§ **Directions**: Only the lines of the listing below that run from the line with "肉质都很新鲜,肉眼都能看到肉" through the line with "Try adding some" are to be set down, word for word. Pictures stay out.

═══ Data segment

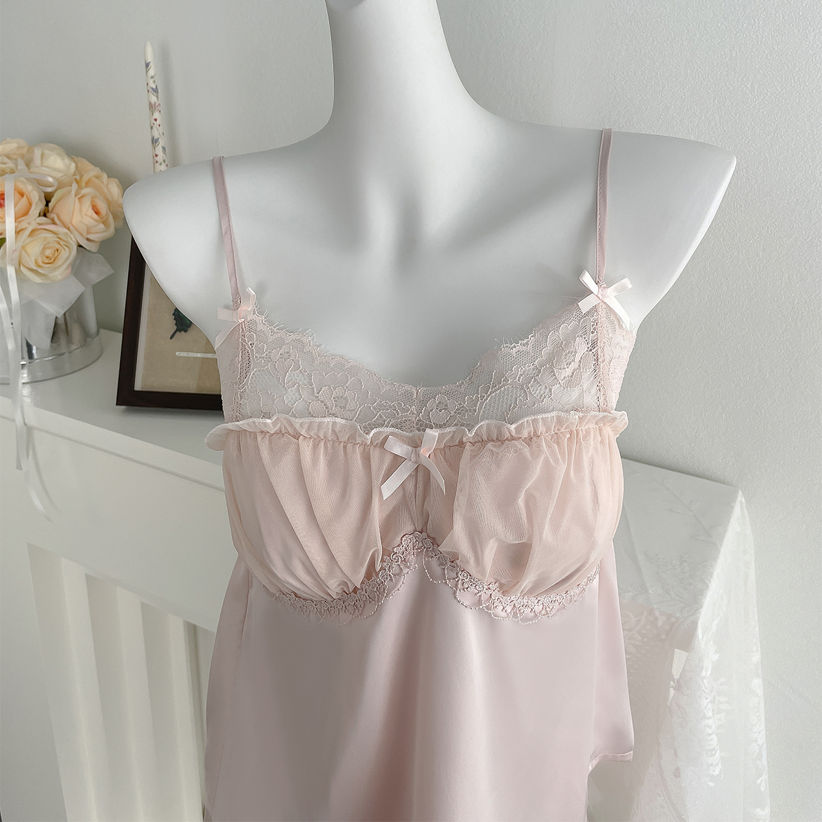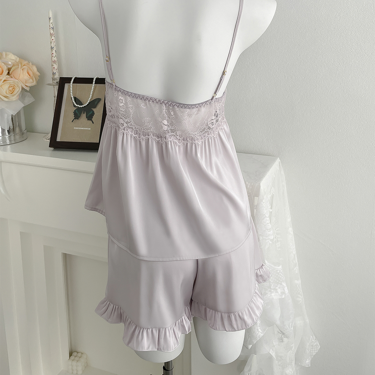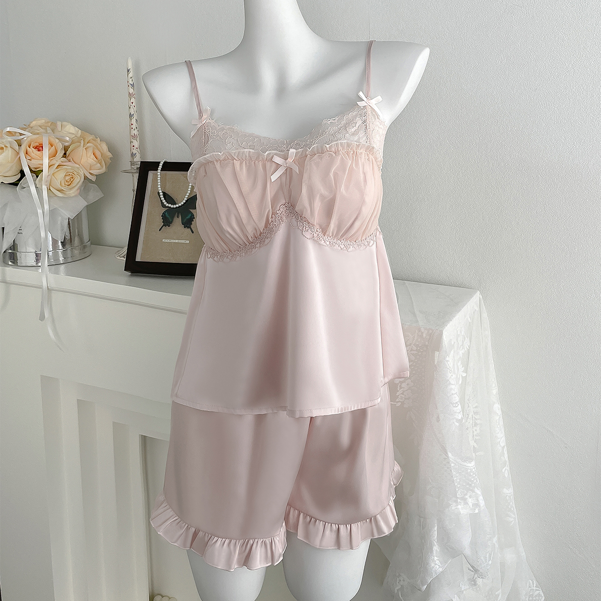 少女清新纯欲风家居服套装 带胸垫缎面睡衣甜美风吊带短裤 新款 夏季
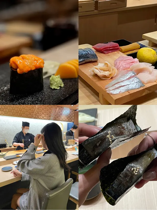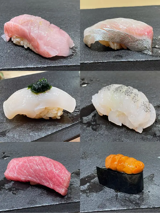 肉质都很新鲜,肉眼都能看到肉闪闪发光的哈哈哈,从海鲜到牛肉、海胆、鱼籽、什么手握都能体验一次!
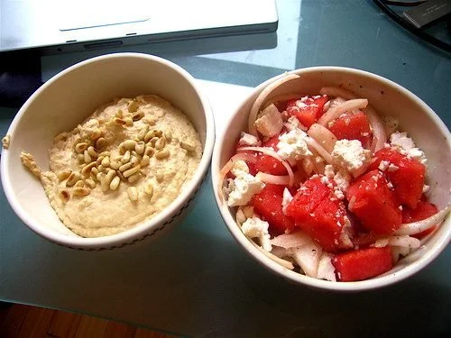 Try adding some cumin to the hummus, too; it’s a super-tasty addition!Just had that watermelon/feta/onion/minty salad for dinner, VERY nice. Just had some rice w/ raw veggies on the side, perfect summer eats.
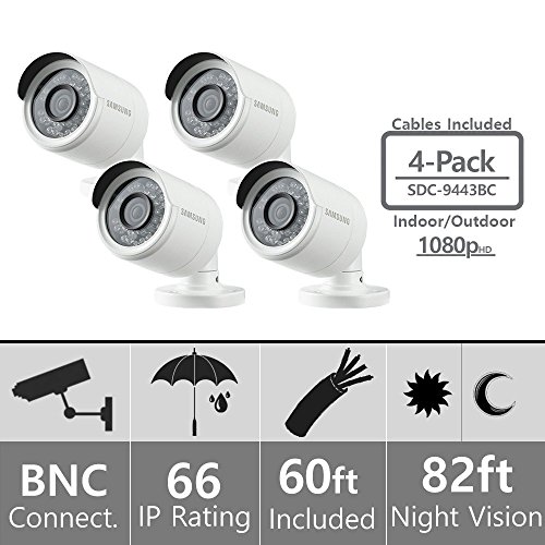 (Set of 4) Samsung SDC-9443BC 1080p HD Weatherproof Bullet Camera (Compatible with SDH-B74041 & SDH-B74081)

══════

§ **Answer to this exercise**:
 肉质都很新鲜,肉眼都能看到肉闪闪发光的哈哈哈,从海鲜到牛肉、海胆、鱼籽、什么手握都能体验一次!
 Try adding some cumin to the hummus, too; it’s a super-tasty addition!Just had that watermelon/feta/onion/minty salad for dinner, VERY nice. Just had some rice w/ raw veggies on the side, perfect summer eats.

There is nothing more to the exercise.